## What you have to do
All lines from the one containing "7月27日、青森県八戸市にあ" through the end of the material are to be given back exactly, without pictures.

## Supplied material
····················

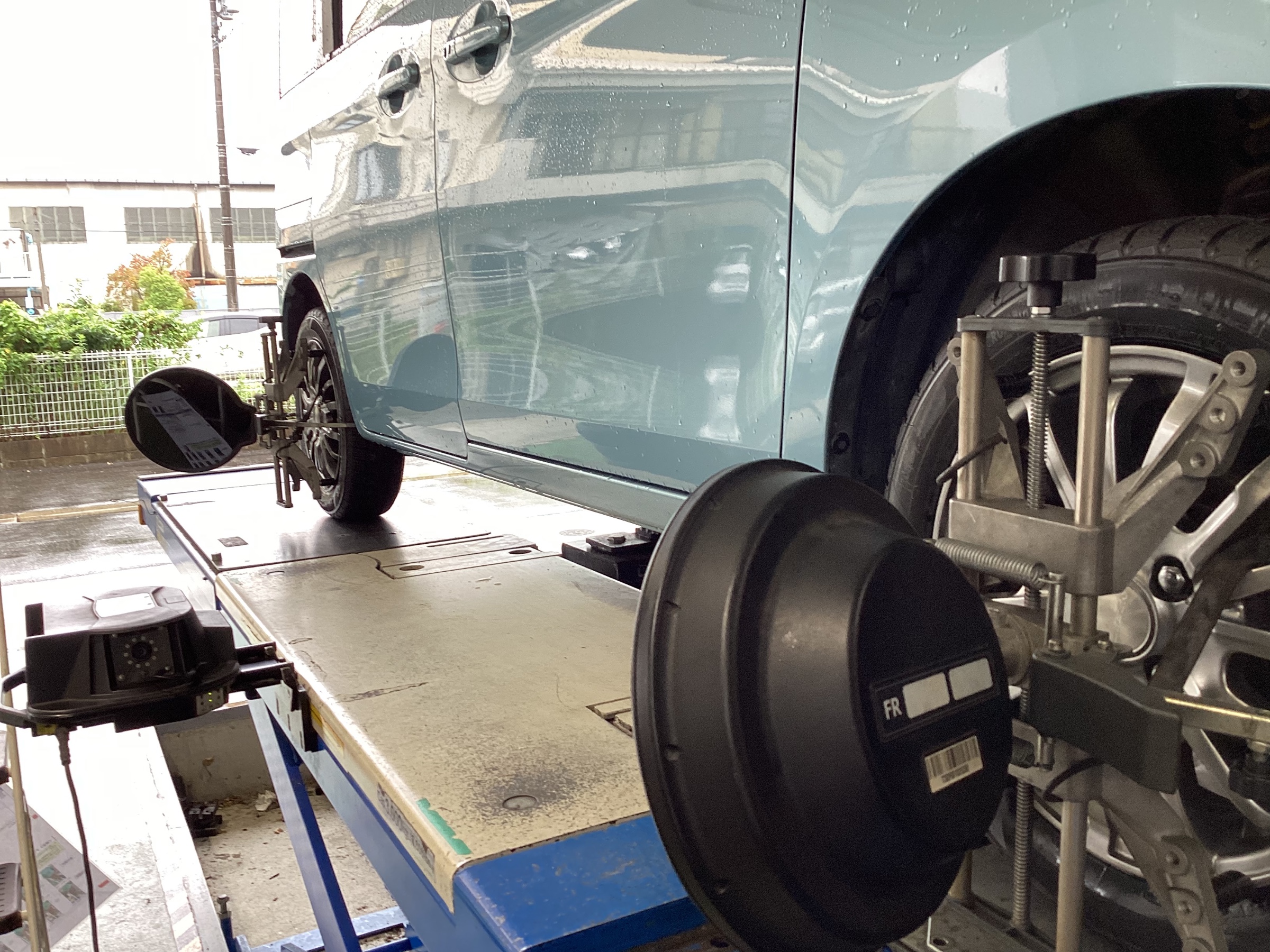 タイヤの寿命を延ばしたり、走行の安定さを向上させたりする作業:「アライメント調整作業」も同時に実施させていただきました。
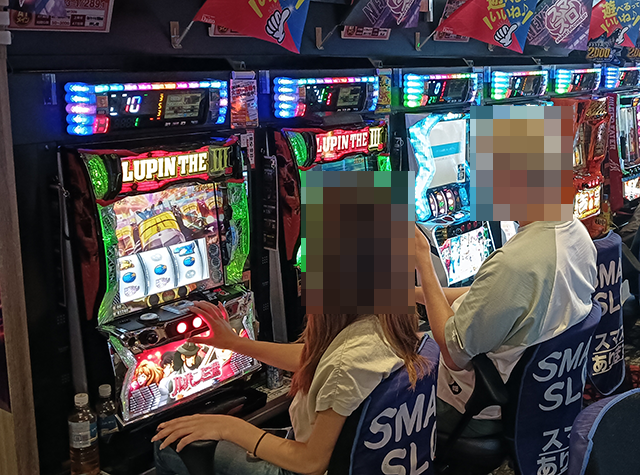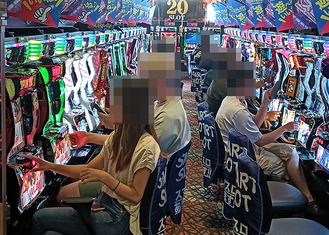 7月27日、青森県八戸市にある「大東パチンコ」へと向かった。今回の取材は、「アルティメットスロット」だ。パチスロをみると、スマスロなどに活気のある景色が広がっていた。
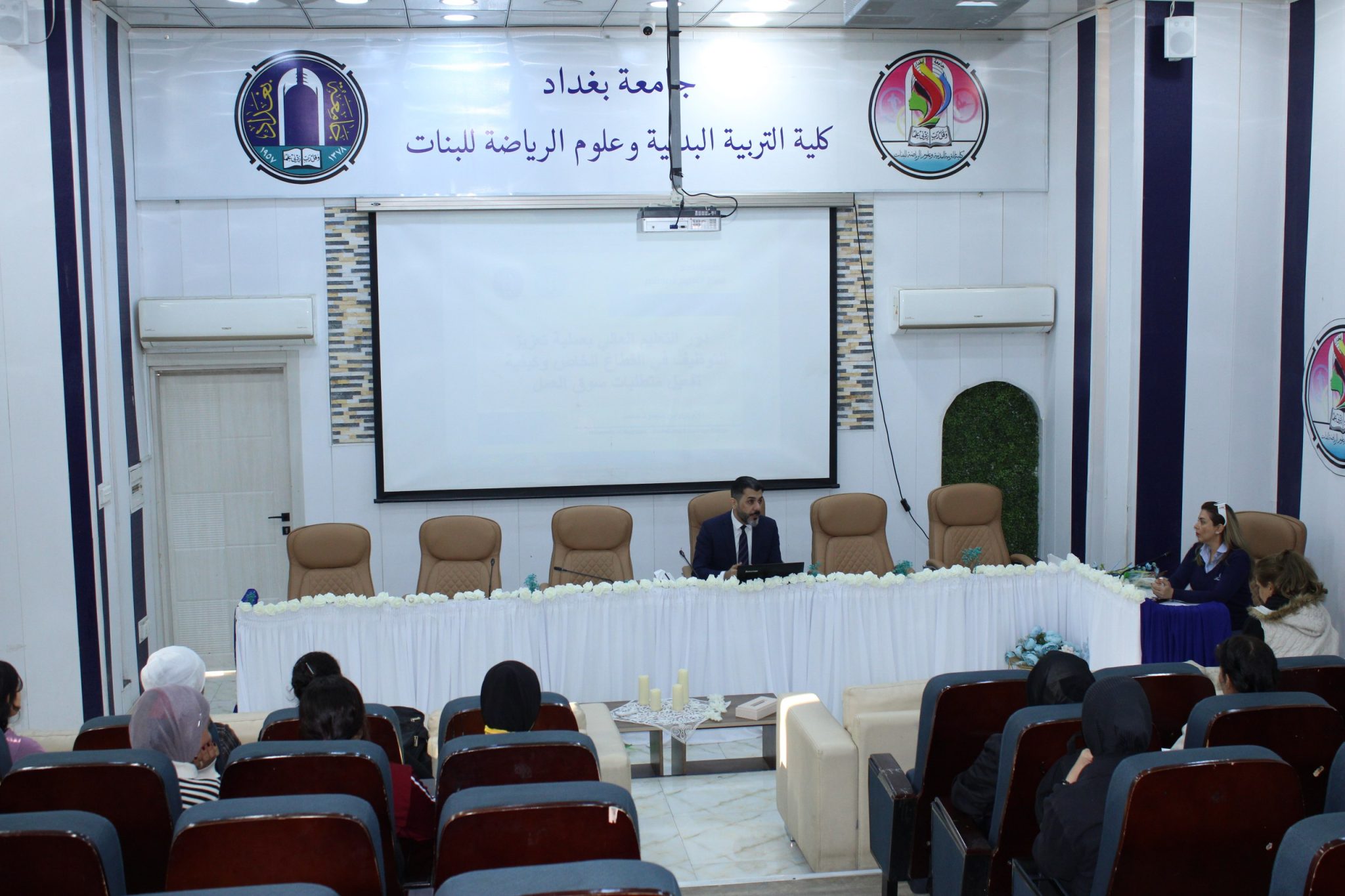Under the patronage of the Dean, Prof. Dr Fatima Abd Malih, the Career Development and Employment Unit at the College of Physical Education and Sport Sciences for Women, University of Baghdad, hosted Asst. Prof. Dr. Aws Mahmood Ahmed from the Center for Continuing Education at the University of Baghdad, under the supervision of Unit Head Safia Ihsan Kamil, to deliver a scientific workshop titled (The Role of Higher Education in Supporting Employment in the Private Sector).
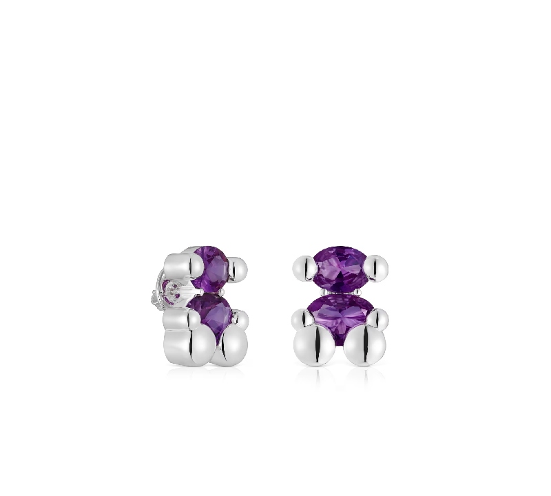 ¿Tú también quieres estos pendientes? ¡Es normal! Son dos joyas con un zafiro en color lila que captura la atención al instante, además de contar con el icónico oso en plata. Son el modelo perfecto para llevar en estas fiestas o para darle un toque especial a tu look, incluso en esos lunes en los que todo parece un poco aburrido.

····················

## Task result
 7月27日、青森県八戸市にある「大東パチンコ」へと向かった。今回の取材は、「アルティメットスロット」だ。パチスロをみると、スマスロなどに活気のある景色が広がっていた。
Under the patronage of the Dean, Prof. Dr Fatima Abd Malih, the Career Development and Employment Unit at the College of Physical Education and Sport Sciences for Women, University of Baghdad, hosted Asst. Prof. Dr. Aws Mahmood Ahmed from the Center for Continuing Education at the University of Baghdad, under the supervision of Unit Head Safia Ihsan Kamil, to deliver a scientific workshop titled (The Role of Higher Education in Supporting Employment in the Private Sector).
 ¿Tú también quieres estos pendientes? ¡Es normal! Son dos joyas con un zafiro en color lila que captura la atención al instante, además de contar con el icónico oso en plata. Son el modelo perfecto para llevar en estas fiestas o para darle un toque especial a tu look, incluso en esos lunes en los que todo parece un poco aburrido.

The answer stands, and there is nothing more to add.